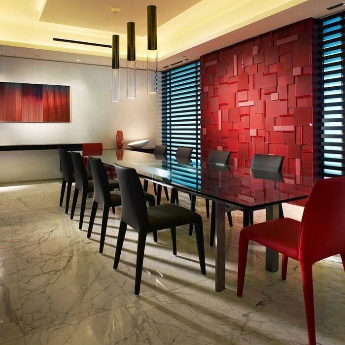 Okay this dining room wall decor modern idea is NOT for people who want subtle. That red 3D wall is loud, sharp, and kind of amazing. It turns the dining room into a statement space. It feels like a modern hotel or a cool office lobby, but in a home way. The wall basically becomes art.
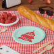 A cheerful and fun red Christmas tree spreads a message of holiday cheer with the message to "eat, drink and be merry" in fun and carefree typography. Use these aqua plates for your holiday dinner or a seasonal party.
* * *
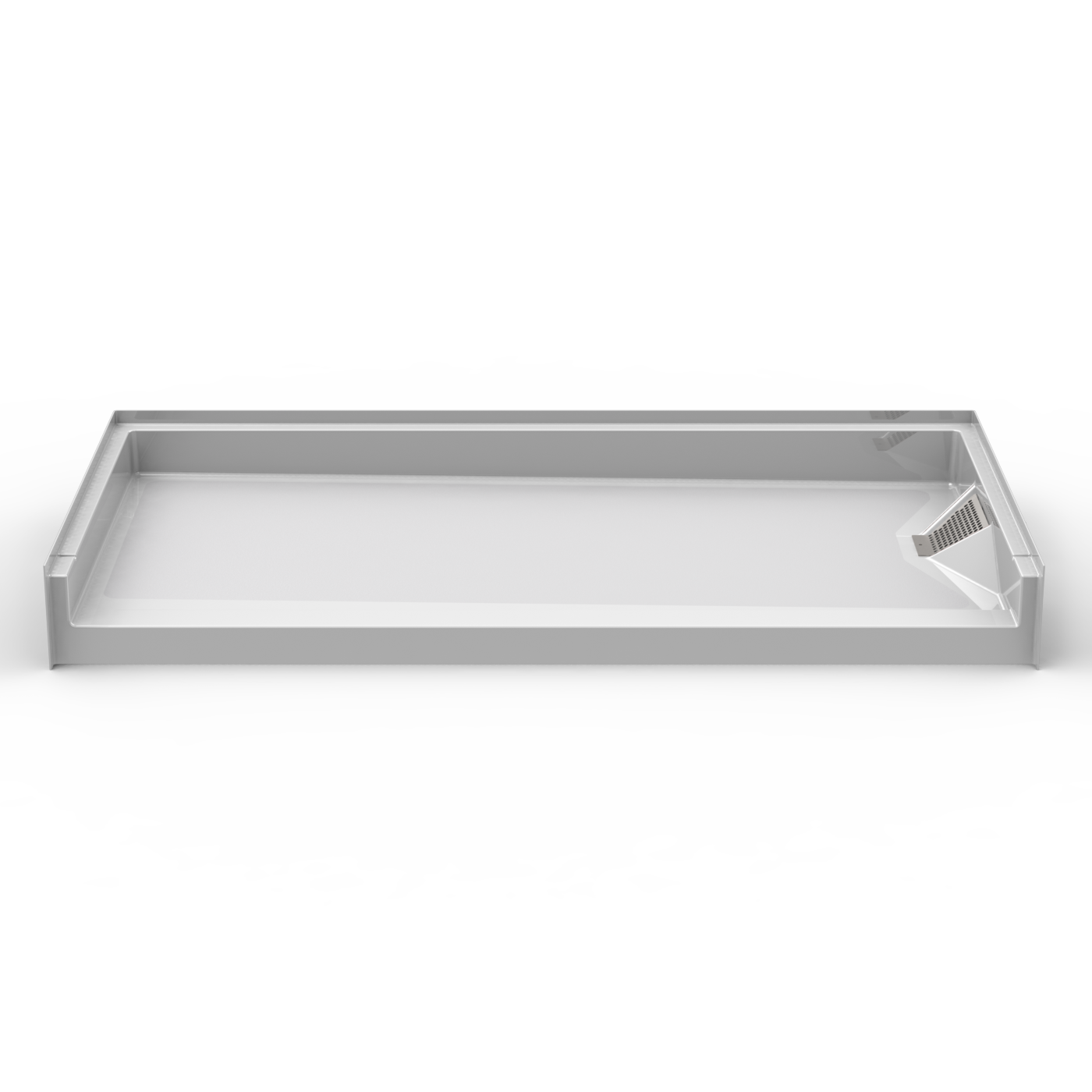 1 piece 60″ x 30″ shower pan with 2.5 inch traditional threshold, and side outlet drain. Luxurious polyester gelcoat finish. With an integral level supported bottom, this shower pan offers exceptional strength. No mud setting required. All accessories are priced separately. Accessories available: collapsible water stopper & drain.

» **What you need to do**: Repeat only the stretch of data above that runs from the line with "Okay this dining" to the line with "A cheerful and". Keep both end lines; exclude pictures.

» **Exercise response**:
 Okay this dining room wall decor modern idea is NOT for people who want subtle. That red 3D wall is loud, sharp, and kind of amazing. It turns the dining room into a statement space. It feels like a modern hotel or a cool office lobby, but in a home way. The wall basically becomes art.
 A cheerful and fun red Christmas tree spreads a message of holiday cheer with the message to "eat, drink and be merry" in fun and carefree typography. Use these aqua plates for your holiday dinner or a seasonal party.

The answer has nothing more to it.